In one possible implementation, the test circuit further includes: a capacitance to ground;

the first end of the capacitor to ground is connected with the first end of the inductor, and the second end of the capacitor to ground is grounded.

In one possible implementation, the test circuit further includes: a first switch tube;

the first end of the first switch tube is connected with the second end of the load capacitor, and the second end of the first switch tube is grounded.

In one possible implementation, the test circuit further includes: a second switching tube;

the first end of the second switch tube is connected with the second end of the ground capacitor, and the second end of the second switch tube is grounded.

In one possible embodiment, the chip comprises: and the switching tube of the chip belongs to the Boost circuit module.

In a second aspect, an embodiment of the present application provides a chip testing system, where the system includes the testing circuit described in any one of the foregoing implementation manners of the first aspect, and further includes: a tester and a chip;

the testing machine comprises: the tester comprises a first power supply, a second power supply and a tester voltage output end;

the chip includes: the chip comprises a voltage input end, a first functional module, a second functional module and a chip voltage output end;

the test circuit is used for testing the chip based on the test signal sent by the tester.

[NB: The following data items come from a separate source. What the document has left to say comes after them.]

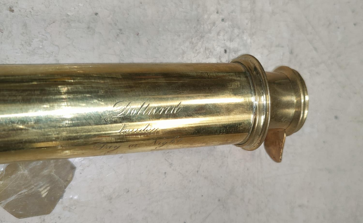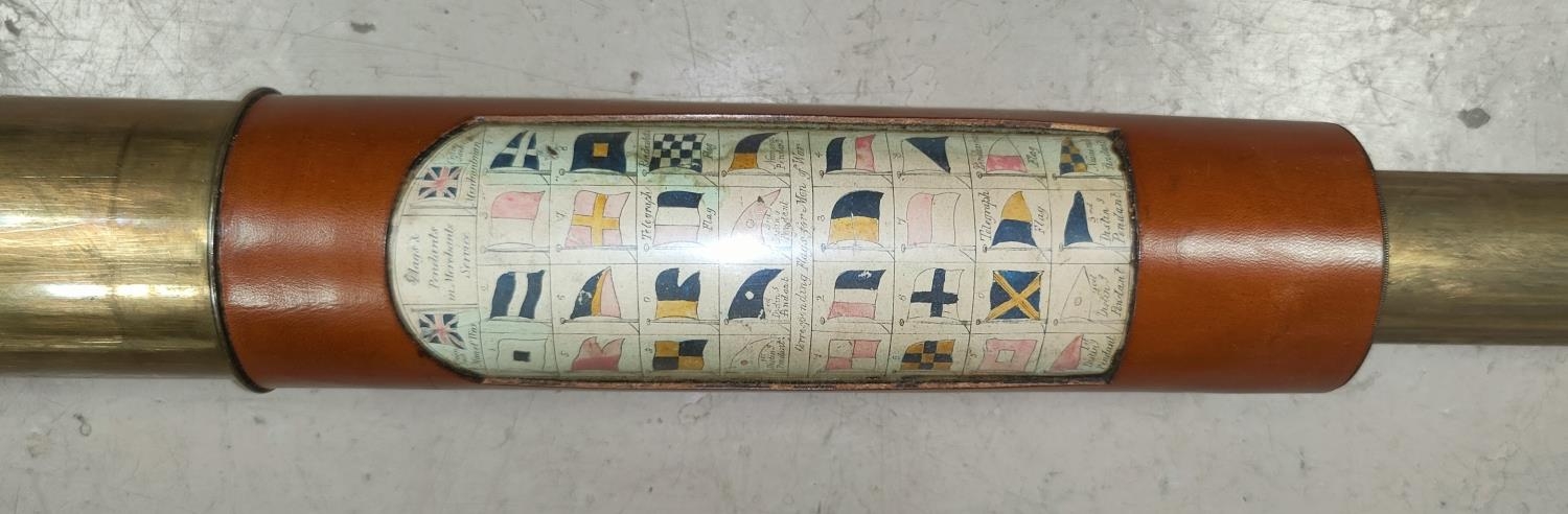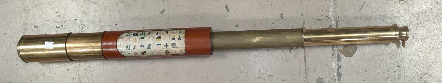 A brass & leather three section telescope by Dolland London, inset with "Flags & Pendants in Merchant Service" unextended length 38cm.
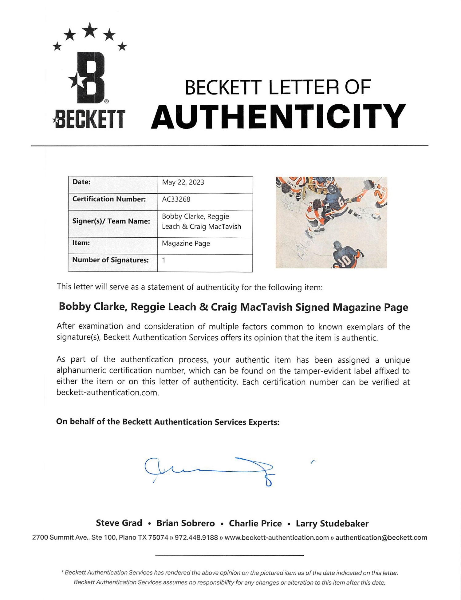 Own a piece of Philadelphia Flyers history with this Autographed 8.5x11 Magazine Page, personally signed by Bobby Clarke, Reggie Leach, and Craig MacTavish. These legendary players left their mark on the hockey world, making this a must-have for any devoted Flyers fan or memorabilia collector.
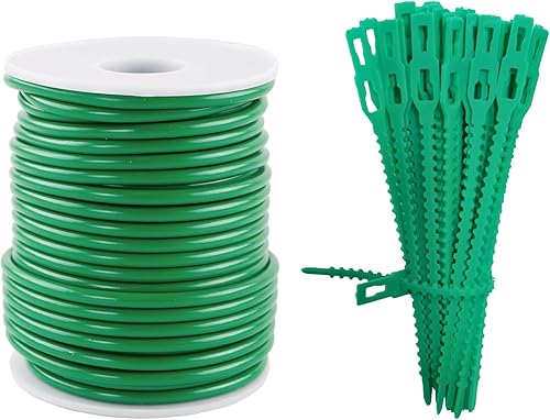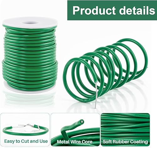 BDHYYM 3,5 mm x 20 m de fil caoutchouté pour plantes + 50 attaches pour plantes vertes, fil de liaison gainé, fil de jardin souple et épais, fil de liaison caoutchouté, pour stabiliser les plantes

In one possible implementation, the first functional module of the chip is a Boost voltage Boost circuit module, where the Boost voltage Boost circuit module includes: a switching tube;

the second functional module includes: at least one of an overcurrent protection module and an overvoltage protection module.

In one possible embodiment, the testing machine further comprises: a third power supply;

and a third power supply of the tester is connected with a switching tube of the chip and a second end of an inductor in the test circuit.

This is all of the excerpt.